### Your instructions
Find the line with "- To disable" in the entries below. Repeat it, every following line, and the line with "Bandeira da Grécia.", exactly and with nothing added.

### Records provided

-------------------------

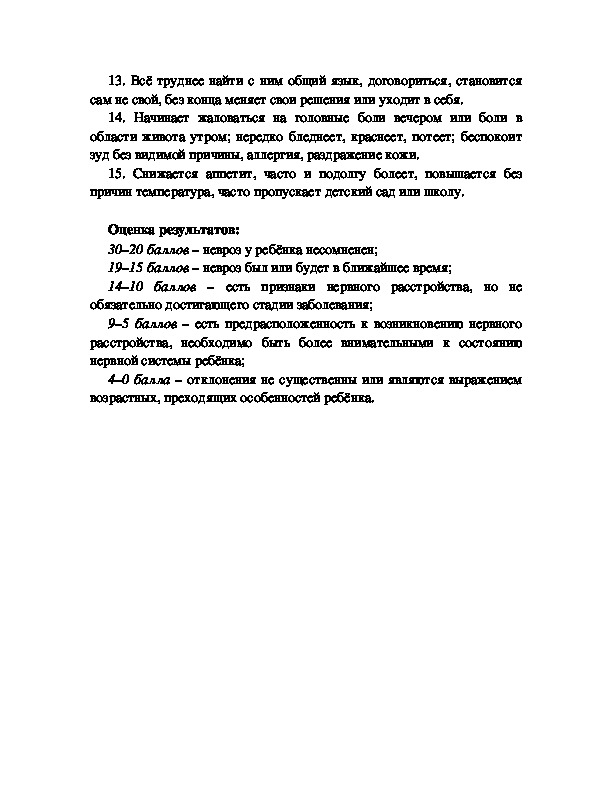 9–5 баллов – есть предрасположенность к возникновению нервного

-------------------------

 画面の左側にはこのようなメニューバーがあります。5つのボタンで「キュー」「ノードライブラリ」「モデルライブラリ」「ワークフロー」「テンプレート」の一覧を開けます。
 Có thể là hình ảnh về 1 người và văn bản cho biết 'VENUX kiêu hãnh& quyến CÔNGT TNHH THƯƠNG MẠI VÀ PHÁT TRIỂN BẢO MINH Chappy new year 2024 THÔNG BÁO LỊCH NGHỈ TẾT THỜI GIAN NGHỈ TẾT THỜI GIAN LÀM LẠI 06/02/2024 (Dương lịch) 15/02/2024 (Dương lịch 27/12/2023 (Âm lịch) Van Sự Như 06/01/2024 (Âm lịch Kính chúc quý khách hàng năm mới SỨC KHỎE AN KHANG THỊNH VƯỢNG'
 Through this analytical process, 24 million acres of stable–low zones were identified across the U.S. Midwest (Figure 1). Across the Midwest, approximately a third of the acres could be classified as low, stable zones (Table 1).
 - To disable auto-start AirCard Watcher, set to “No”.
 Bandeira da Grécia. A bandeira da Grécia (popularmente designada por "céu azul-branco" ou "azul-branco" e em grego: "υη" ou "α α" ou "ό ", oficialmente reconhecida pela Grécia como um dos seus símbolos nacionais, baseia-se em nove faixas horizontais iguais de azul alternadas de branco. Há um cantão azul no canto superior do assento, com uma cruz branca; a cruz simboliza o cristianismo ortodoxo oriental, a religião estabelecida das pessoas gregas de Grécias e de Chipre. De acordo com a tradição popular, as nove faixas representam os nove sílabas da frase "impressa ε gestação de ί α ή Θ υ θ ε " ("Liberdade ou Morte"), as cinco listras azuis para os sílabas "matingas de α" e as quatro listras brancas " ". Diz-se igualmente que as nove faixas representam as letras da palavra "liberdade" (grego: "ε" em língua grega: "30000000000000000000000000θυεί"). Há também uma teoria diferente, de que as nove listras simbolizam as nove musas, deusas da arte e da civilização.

-------------------------

### Solved exercise
 - To disable auto-start AirCard Watcher, set to “No”.
 Bandeira da Grécia. A bandeira da Grécia (popularmente designada por "céu azul-branco" ou "azul-branco" e em grego: "υη" ou "α α" ou "ό ", oficialmente reconhecida pela Grécia como um dos seus símbolos nacionais, baseia-se em nove faixas horizontais iguais de azul alternadas de branco. Há um cantão azul no canto superior do assento, com uma cruz branca; a cruz simboliza o cristianismo ortodoxo oriental, a religião estabelecida das pessoas gregas de Grécias e de Chipre. De acordo com a tradição popular, as nove faixas representam os nove sílabas da frase "impressa ε gestação de ί α ή Θ υ θ ε " ("Liberdade ou Morte"), as cinco listras azuis para os sílabas "matingas de α" e as quatro listras brancas " ". Diz-se igualmente que as nove faixas representam as letras da palavra "liberdade" (grego: "ε" em língua grega: "30000000000000000000000000θυεί"). Há também uma teoria diferente, de que as nove listras simbolizam as nove musas, deusas da arte e da civilização.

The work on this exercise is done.